Hierarchical Beta Regression Working in Stan but not RStanarm

Hello,

I am trying to run a hierarchical beta regression using the CarTask dataset found in the betareg package. I have never ran a hierarchical beta model before, so I was surprised that it sampled correctly on the first run. To make sure I was running the model correctly, I decided to check it using rstanarm, but to my surprise, I kept getting warning errors on the number of divergent transitions I was having. I attempted to solve the problem by using 10,000 iterations, but that did not fix the problem. The first question I have is if my Stan code is correct for the model below. The second is why is rstanarm having so many issues?
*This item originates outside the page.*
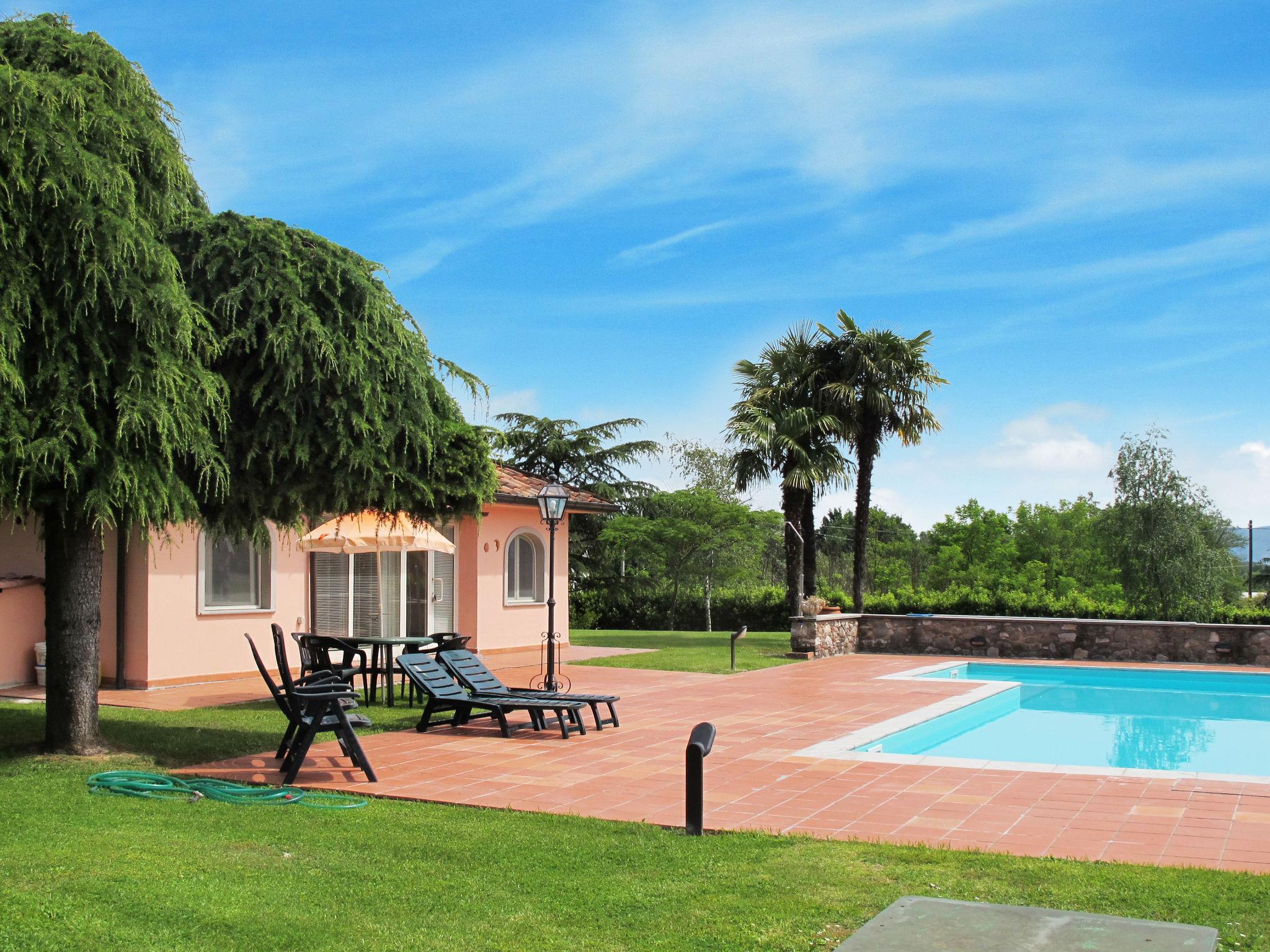 House "Teresa". In the hamlet Segromigno Monte 8 km from the centre of Lucca, 35 km from the centre of Pisa, 73 km from the centre of Florenz, 40 km from the sea, 40 km from the beach. For shared use: property 10'000 m2 (fenced), garden with lawn. Private: property 1'000 m2, well-kept garden with lawn, swimming pool (12 x 6 m, depth 130 cm, seasonal availability: 15.May. - 01.Oct.). Outdoor shower. In the house: central heating system, heating to be paid on the spot (28.Mar. - 30.Oct.), heating available only from 01.Nov. - 27.Mar.. Parking (for 2 cars). Shop 900 m, supermarket 6.3 km, bus stop 400 m, railway station "Tassignano" 6.5 km, sandy beach "Viareggio" 40 km. Golf course (18 hole) 35 km. Nearby attractions: Monsummano Terme 33 km, Collodi Pinocchio Park 8 km, Montecatini Terme 27 km, San Giuliano Terme 27 km, Firenze 90 km, Marina di Pisa 52 km. Well-known lakes can easily be reached: Lago di Massaciuccoli 32 km, Torre del Lago 40 km. Please note: car recommended. The owner lives on the same property.

I am not complaining; I like having an excuse to use pure Stan rather than rstanarm, but I would have figured this model would have converged fairly easily in rstanarm.

Thanks.

Model:
probability ~ NFCCscale + (1|task)

Stan:


stan_beta_hier <- "
data {
  int<lower=1> N;                      // sample size
  vector<lower=0,upper=1>[N] y;        // response 
  
  int <lower = 0> num_fix; //number of fixed effects including intercept
  matrix[N,num_fix] fix_mat;

  int <lower = 0> num_random; //number of subjects
  matrix[N,num_random] ran_mat;
  
}

parameters {
  vector[num_fix] beta_fix;           // coefficients for beta_fix
  vector[num_random] beta_ran;           // coefficients for beta_ran
  real<lower = 0> phi;                // dispersion
  
}

model {
  // model calculations
  vector[N] LP;                        // linear predictor
  vector[N] mu;                        // transformed linear predictor
  vector[N] A;                         // parameter for beta distn
  vector[N] B;                         // parameter for beta distn

  LP = fix_mat*beta_fix + ran_mat*beta_ran;
  
  for (i in 1:N) { 
    mu[i] = inv_logit(LP[i]);   
  }

  A = mu * phi;
  B = (1.0 - mu) * phi;

  // priors
  beta_ran ~ normal(0, 5);  
  beta_fix ~ normal(0, 5);
  phi ~ cauchy(0, 5);                  // different options for phi  

  // likelihood
  y ~ beta(A, B);
}
"

# being lazy with my design matricies
m0 <- lmer(probability ~ NFCCscale + (1|task), data = CarTask)

x = getME(m0, "X")
z = as.matrix(getME(m0, "Z"))

# data
dat = list(N = length(CarTask$task),
           y = CarTask$probability,
           num_fix = dim(x)[2],
           num_random = dim(z)[2],
           fix_mat = x,
           ran_mat = z)

# model/sampling
mod <- stan_model(model_code = stan_beta_hier)
fit <- sampling(mod,
                data = dat,
                chains = 4, iter = 2000, verbose = FALSE)

rstanarm:

library(rstanarm)

m1 <- stan_glmer(probability ~ NFCCscale + (1|task),
                 data = CarTask,
                 family = mgcv::betar(),
                 chains = 4, iter = 5000)
summary(m1, digits = 4)

Should have mentioned, but the Stan code is adapted from Michael Clark

I can’t help with rstanarm (pinging @bgoodri, @Jonah), but I can suggest some cleanup for the Stan code:

beta_ran ~ normal(0, 5);
beta_fix ~ normal(0, 5);
phi ~ cauchy(0, 5);   // Gelman suggests a Pareto distribution here, but Cauchy is also very long-tailed
vector[N] mu = inv_logit(fix_mat * beta_fix + ran_mat * beta_ran);
y ~ beta_proportion(mu, phi);

We use that beta parameterization so much we built it in as beta_proportion.